What it means is that it is realized by the "hash method" which is one of the data search algorithms. The hash method is a method that allows you to search for specific data in one shot by determining the storage position of the data when storing it in memory. The storage position is calculated by a fixed formula (hash function). * To be exact, Ruby uses the chain method. This makes it possible to search for a large amount of data at high speed.

Take a look at the contents

Let's take a look at the contents of the Set class. First of all, this is the content when Set.new is done ↓

# Creates a new set containing the elements of the given enumerable
# object.
#
# If a block is given, the elements of enum are preprocessed by the
# given block.
#
#     Set.new([1, 2])                       #=> #<Set: {1, 2}>
#     Set.new([1, 2, 1])                    #=> #<Set: {1, 2}>
#     Set.new([1, 'c', :s])                 #=> #<Set: {1, "c", :s}>
#     Set.new(1..5)                         #=> #<Set: {1, 2, 3, 4, 5}>
#     Set.new([1, 2, 3]) { |x| x * x }      #=> #<Set: {1, 4, 9}>
def initialize(enum = nil, &block) # :yields: o
  @hash ||= Hash.new(false)

  enum.nil? and return

  if block
    do_with_enum(enum) { |o| add(block[o]) }
  else
    merge(enum)
  end
end

https://github.com/ruby/ruby/blob/master/lib/set.rb#L90-L100

Suddenly Hash.new. If you do Set.new ([1, 2, 1]), you are calling the merge method because there is no block. Let's take a look at the merge method.

# Merges the elements of the given enumerable object to the set and
# returns self.
def merge(enum)
  if enum.instance_of?(self.class)
    @hash.update(enum.instance_variable_get(:@hash))
  else
    do_with_enum(enum) { |o| add(o) }
  end

  self
end

https://github.com/ruby/ruby/blob/master/lib/set.rb#L438-L448

In the case of Set.new ([1, 2, 1]), it seems that you are calling add. What add is doing is

# Adds the given object to the set and returns self.  Use +merge+ to
# add many elements at once.
#
#     Set[1, 2].add(3)                    #=> #<Set: {1, 2, 3}>
#     Set[1, 2].add([3, 4])               #=> #<Set: {1, 2, [3, 4]}>
#     Set[1, 2].add(2)                    #=> #<Set: {1, 2}>
def add(o)
  @hash[o] = true
  self
end
alias << add

https://github.com/ruby/ruby/blob/master/lib/set.rb#L350-L360

The key of @hash is set.

That is, when you run Set.new ([1, 2, 1]) internally

@hash = {1=>true, 2=>true}

It seems that a Hash instance variable is created like this. So that's it~

So what is Set # include? doing? (I can predict it ...)

# Returns true if the set contains the given object.
#
# Note that <code>include?</code> and <code>member?</code> do not test member
# equality using <code>==</code> as do other Enumerables.
#
# See also Enumerable#include?
def include?(o)
  @hash[o]
end
alias member? include?

https://github.com/ruby/ruby/blob/master/lib/set.rb#L242-L251

Yes, it is judged whether the argument o exists in the key of @hash. Well, that's right.

In other words, the contents of Set # include? -Create a Hash type instance variable and set a value in key -Determine whether the value of the argument of include? Exists in key

What you are doing is the same as Hash # include?.

Method	Computational complexity order
Set#include?, Hash#Include?	O(logn)
Array#Include?	O(n)

Further investigation revealed

`Hash # include?` Has also evolved recently

I was also investigating the Hash class, but when Ruby 2.6 introduced a technology called Transient Heap, I found an article that devised a Hash search method.

[Transient Heap device: Hash implementation](https://techlife.cookpad.com/entry/2018/12/27/093914#Transient-Heap-%E3%81%AE%E5%B7%A5%E5% A4% ABHash-% E3% 81% AE% E5% AE% 9F% E8% A3% 85 )

Set that is also used in other languages

Although it is another language, Python also has a Set type, which seems to speed up element search compared to the List type.
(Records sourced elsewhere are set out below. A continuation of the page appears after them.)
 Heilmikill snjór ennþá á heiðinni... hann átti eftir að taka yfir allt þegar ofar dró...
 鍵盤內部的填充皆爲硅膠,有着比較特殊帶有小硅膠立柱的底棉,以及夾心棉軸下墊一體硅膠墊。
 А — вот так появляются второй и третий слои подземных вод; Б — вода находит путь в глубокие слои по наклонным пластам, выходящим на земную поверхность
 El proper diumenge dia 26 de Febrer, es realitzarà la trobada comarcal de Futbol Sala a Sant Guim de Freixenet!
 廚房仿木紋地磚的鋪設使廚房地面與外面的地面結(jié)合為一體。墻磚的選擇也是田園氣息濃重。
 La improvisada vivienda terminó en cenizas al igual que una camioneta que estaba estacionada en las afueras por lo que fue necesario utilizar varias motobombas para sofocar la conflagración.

This speedup has the same mechanism and is realized by the hash method.

[What made it explosive just by changing from "in list" to "in set" in Python and why] (https://qiita.com/kitadakyou/items/6f877edd263f097e78f4)

Summary

Now we have a clear idea of how Set # include? Works and why it's so fast. When I usually write code, I think that I don't pay much attention to the contents of classes and methods, but knowing how it works helps me understand the underlying technology, so when I have time, I use Ruby. We recommend that you take a look inside the Rails.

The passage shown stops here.